» TASK PROMPT:
Return exactly the lines from the one containing "This collectible corporate" through the last line of the records below, both included, and leave out any pictures.

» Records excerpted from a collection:
--
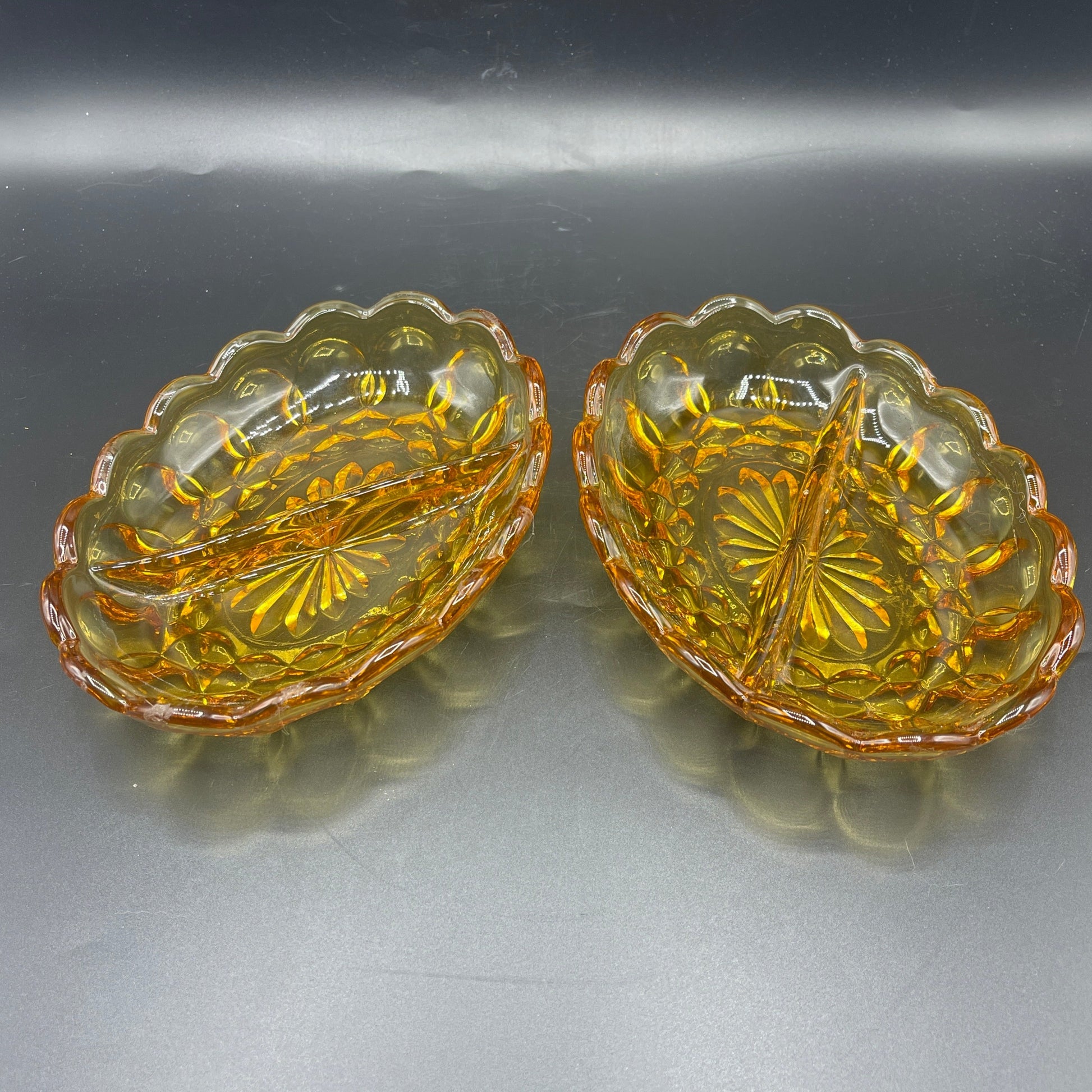 Honey Gold Indiana Glass Divided Dishes - Set of 2
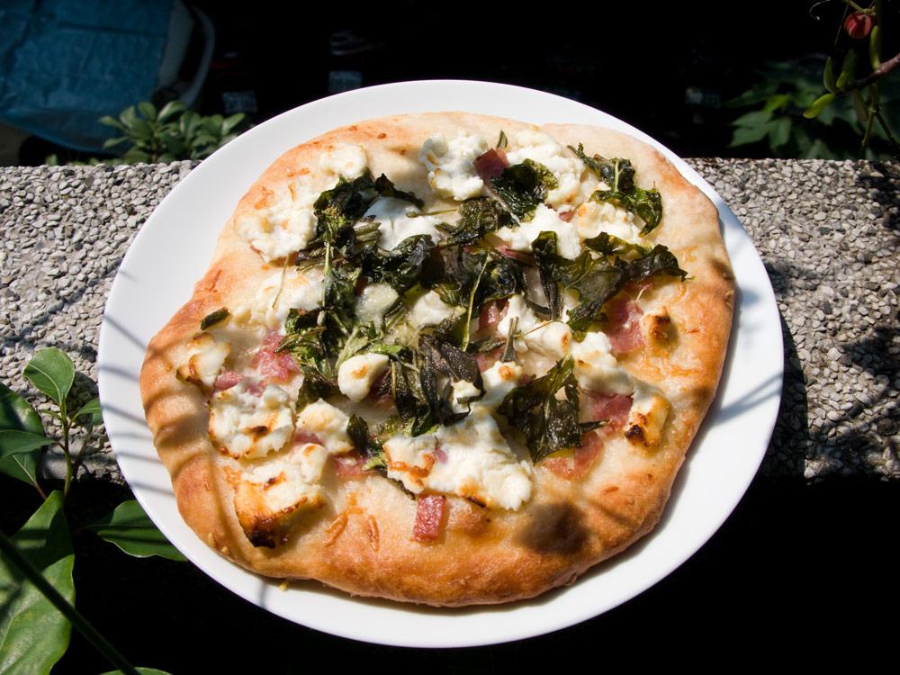 翌晨,起個大早,備料、做麵糰、擀麵皮,說起來一點都不難做,也很容易有成就感。我儘量選用天然有機的食材,吃起來既清爽且沒有心理負擔。而加了芝麻菜與一些鼠尾草的PIZZA,口感略苦,卻有回甘,算是成人口味的披薩,也很快被外子跟我一起祭了五臟廟。不過如果再能有一塊石板來烤披薩,想必效果更加分!
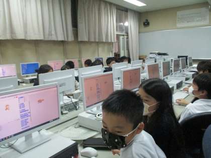 理科の授業の時間だったのですが、1日リフレッシュ日だったので、プログラミングの学習をしてくれました。ペッパー君の学習と少し似ているので、いろいろと自分で試してできている子が多かったです。パソコンから「ニャーニャー」と猫の鳴き声が、ずーっと教室に鳴り響いていました。この時間もチャイムが鳴るギリギリまで楽しんでいました。
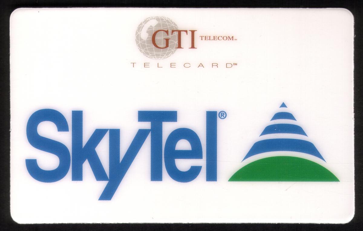 This collectible corporate phone card features the SkyTel logo prominently displayed in white and blue in the lower-left corner. The card is issued by GTI Telecom, Inc. and includes the Portuguese language designation in the top left area, indicating its regional use. The card’s dominant backdrop is a deep blue gradient with a subtle, modern circuitry pattern overlay, symbolizing telecommunications technology.
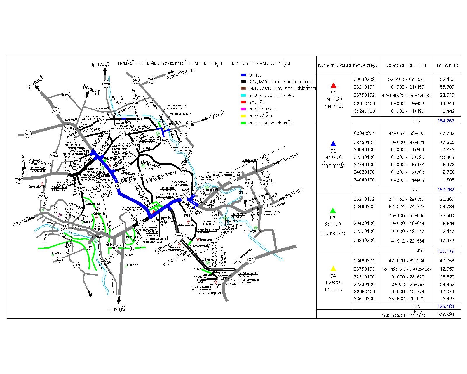 แผนที่สังเขปแสดงระยะทางในความควบคุม แยกตามผิวจราจร
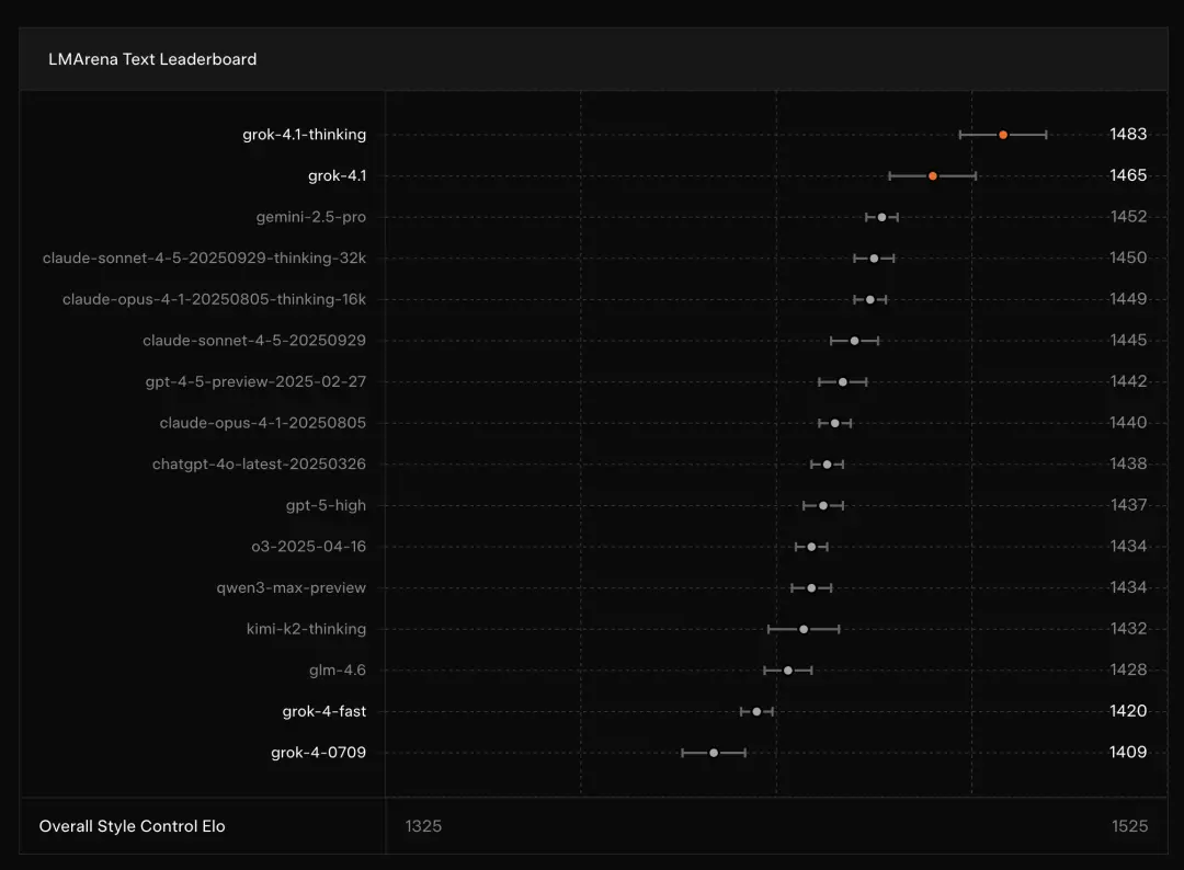 就在这样一个竞争最激烈的公开擂台上,xAI 的 Grok 4.1 系列拿下了极具含金量的一次 “双冠”:Grok 4.1 Thinking 版以 1483 Elo 拿下冠军,而非推理版 Grok 4.1 也以 1465 Elo 获得亚军。
--
» RESPONSE FOR THIS EXERCISE:
 This collectible corporate phone card features the SkyTel logo prominently displayed in white and blue in the lower-left corner. The card is issued by GTI Telecom, Inc. and includes the Portuguese language designation in the top left area, indicating its regional use. The card’s dominant backdrop is a deep blue gradient with a subtle, modern circuitry pattern overlay, symbolizing telecommunications technology.
 แผนที่สังเขปแสดงระยะทางในความควบคุม แยกตามผิวจราจร
 就在这样一个竞争最激烈的公开擂台上,xAI 的 Grok 4.1 系列拿下了极具含金量的一次 “双冠”:Grok 4.1 Thinking 版以 1483 Elo 拿下冠军,而非推理版 Grok 4.1 也以 1465 Elo 获得亚军。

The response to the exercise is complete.